夜、ルリットを寝かしつけたシノブは、ベロニカが書き上げた自身の設計図を眺めていた。
「いい出来でししょ?」
ベロニカが温かいコーヒーを啜る。シノブは顔を顰めた。
「カフェインを摂ると眠れぬぞ」
「かふぇいん?」
「……何でもござらん」
ベロニカは一つ伸びをして、大きな溜息をついた。
「いいのよ、眠りたくても眠れないから。カラクリ兵を探さなきゃね」
「まだ見つからぬのか」
「ええ。自分が作った物なのにね」
カラクリ兵が行方不明となったのは4日前。知らせが届いてから、ベロニカはほとんど寝ずにカラクリ兵を捜索している。
「街中に探索用のカラクリを飛ばしてるけど、全然駄目だわ」
握り拳くらいの、小さな探索用のカラクリ。カラクリ兵の電波をキャッチできるというが、未だに反応はないらしい。
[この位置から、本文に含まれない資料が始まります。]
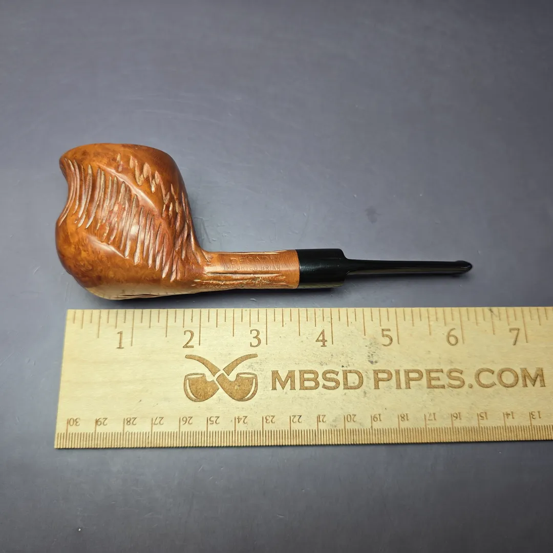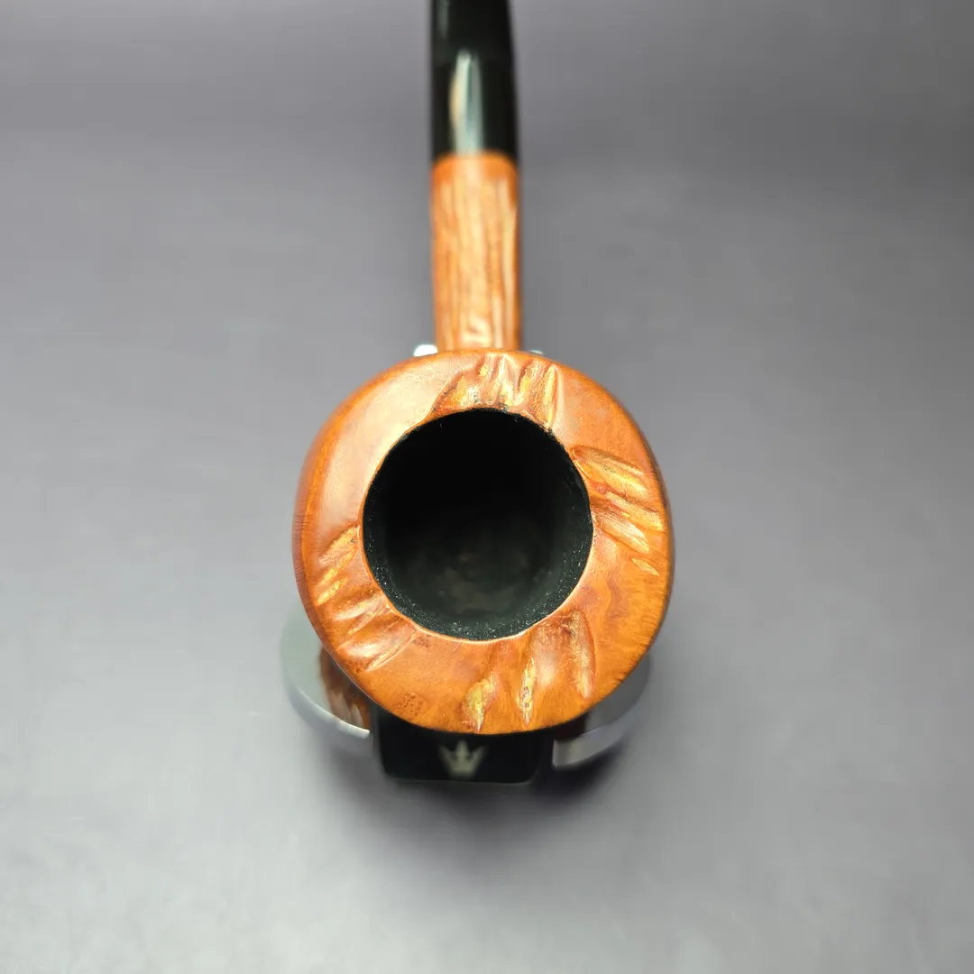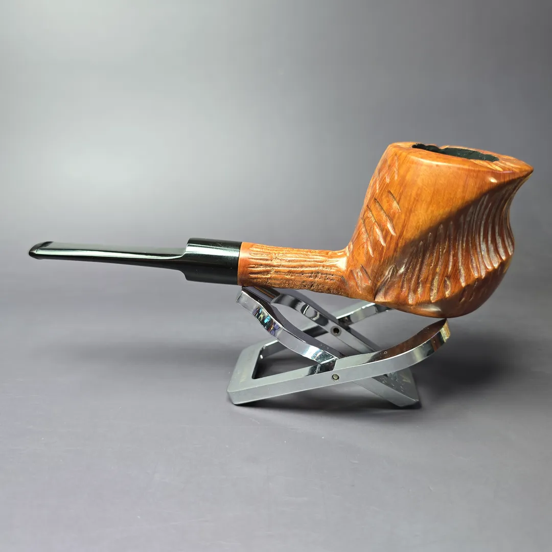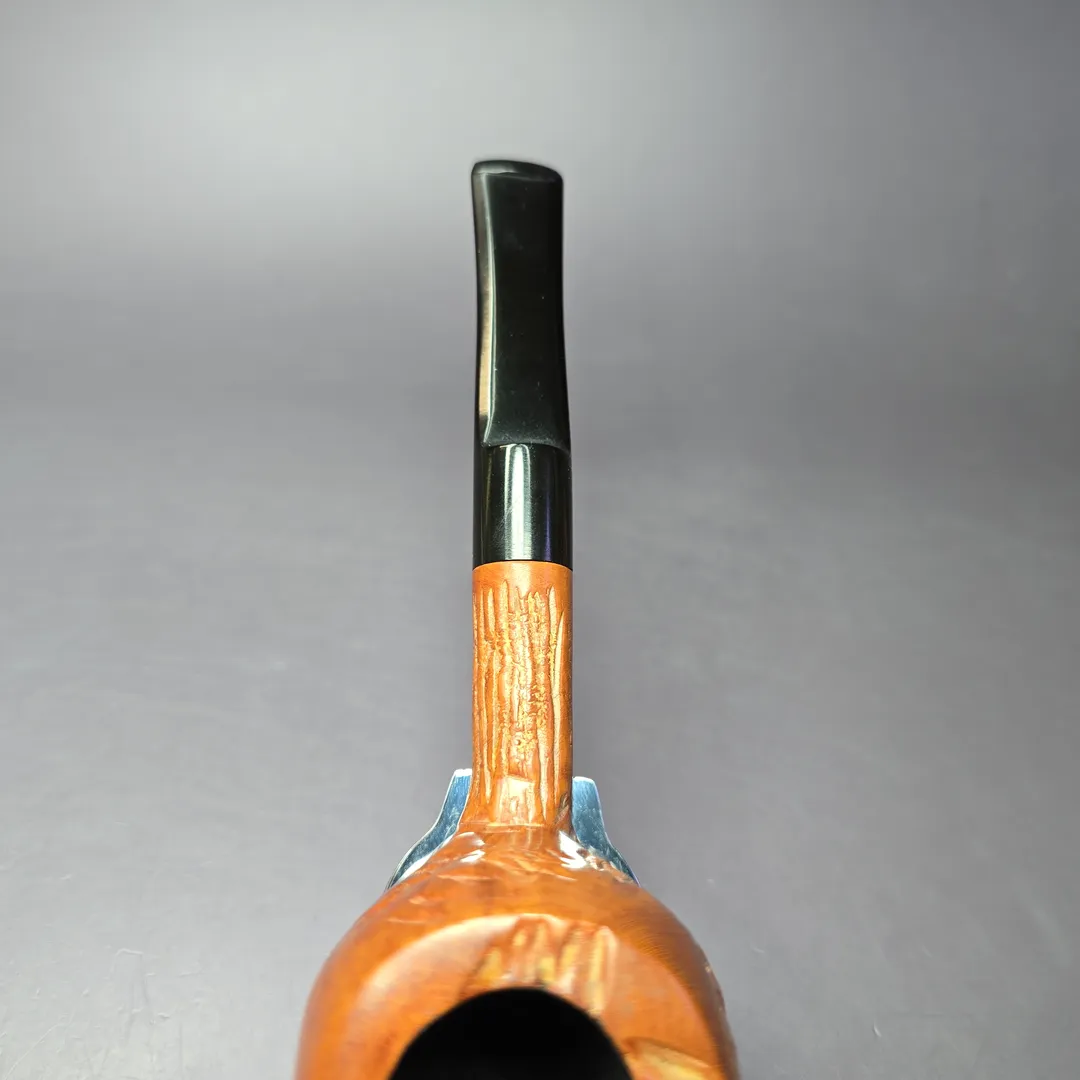 As much as it pains me to say, I wasn’t able to find much information about “Decade” pipes. The style of this one is a little reminiscent of Custom-Bilt, at least in terms of rustication, though it’s not quite the same as Tracy Mincer’s signature finish. It’s a sturdy briar, though, with good shaping as far as hand-feel goes, too.
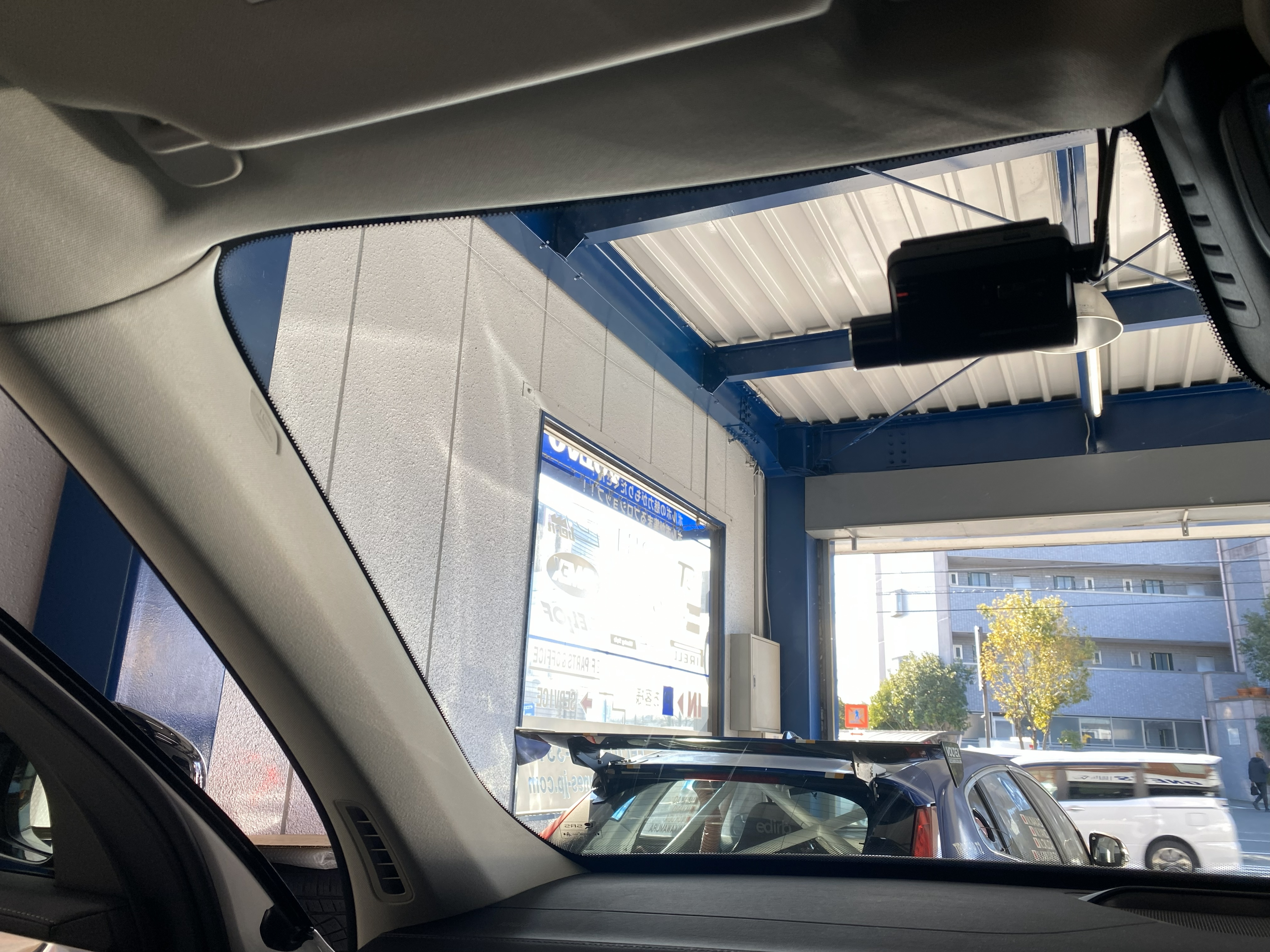 フロントガラスにアンテナを取付て行きます!

「何があったのかしら……。もし、万が一の事があったら──」
「万が一、とは?」
シノブは尋ねた。真剣な眼差しである。
「どこかで壊れていたら、という心配でござるか? それとも、逃げ出していたら? あるいは……人を傷つけたら?」
「何が言いたいの、シノブくん」
シノブはそっぽを向いた。
「何でもござらん」
ベロニカは、また一つ溜息をついた。
「全部よ、全部。私にとってカラクリたちは子供みたいなものなの。だから、あの子たちが傷つくのは嫌だし、人を傷つけてしまうのも嫌」
シノブは毒気を抜かれたような表情でベロニカを見つめた。赤い瞳が揺れている。
しかし突如、その目が鋭く光る。
「その大切な子を、廃棄するのでござるか?」
怒っているわけではない。責めたいわけでもない。ただ、シノブは知りたかった。
ベロニカは静かに目を閉じ、コーヒーを机に置いた。
「これは責任なの。製作者である、私が背負う責任」
優しい声色。しかし、どこか力強く芯のある声。
「壊れる前に止めてあげるの。働けなくなる前に、不本意なことをする前に──。苦しまないように。それが責任」
規則的な歯車の音。シノブは反芻するように、ベロニカの言葉を繰り返した。
「責任……」
シノブにはなんとなく分かる気がした。働けなくなって、存在する意味を失う前に終わらせる。それがベロニカの言う“責任”なのだ。
「だから探さなきゃ。あの子を、この手で見つけないと」
「……で、ござるな」
シノブは頷いた。ベロニカの答えに、どこか安堵している自分がいた。また、これほどまでに製作者に愛されるカラクリ兵を羨ましくも思った。
シノブは回る歯車をぼんやりと見つめた。胸の奥で、コアが複雑に蠢いているような気がした。
◆◆◆
翌日。今日も子供達は楽しそうに遊んでいる。
庭には穏やかな光が降り注ぐ。
ふと、ルリットは遠くに見慣れた影を認めた。
「あっ、カラクリ兵さんだよ!」
ルリットはぴょんぴょん飛び跳ねて、嬉しそうだ。他の子達が、カラクリ兵の方に駆けていく。
カラクリ兵は研究所に真っ直ぐ歩く。子供達がその巨体にまとわりつく。ルリットは庭で手を振って、カラクリ兵を待っている。
「なー、カラクリ兵! どこ行ってたんだよ!」
「……」
カラクリ兵は何も答えない。歩くだけだ。
「カラクリ兵? どうしたんだ?」
「……」
ガシャン、ガシャン、と足音だけが響く。まとわりつく子供達が首を傾げる。
「なあ、カラクリ兵ったら!」
とん、と子供のひとりがカラクリ兵を軽く小突いた。その瞬間。
「……人間ガ イケナイ ンダ!」
カラクリ兵が手を振り上げた。明らかな攻撃の予備動作に、子供達が固まる。
ルリットは目を見開いた。
「駄目……ッ!」
瞬間、紋章が光り輝く。カラクリ兵の動きが一瞬止まった。我に返った子供達が散り散り逃げ惑う。
「人間ガ……イケナイ……人間ガ……!」
カラクリ兵はブツブツと呟きながら、踵を返して去っていく。子供達の泣き声が響く。
「カラクリ兵、さん……?」
ルリットは呆然と、カラクリ兵の背中を見つめていた。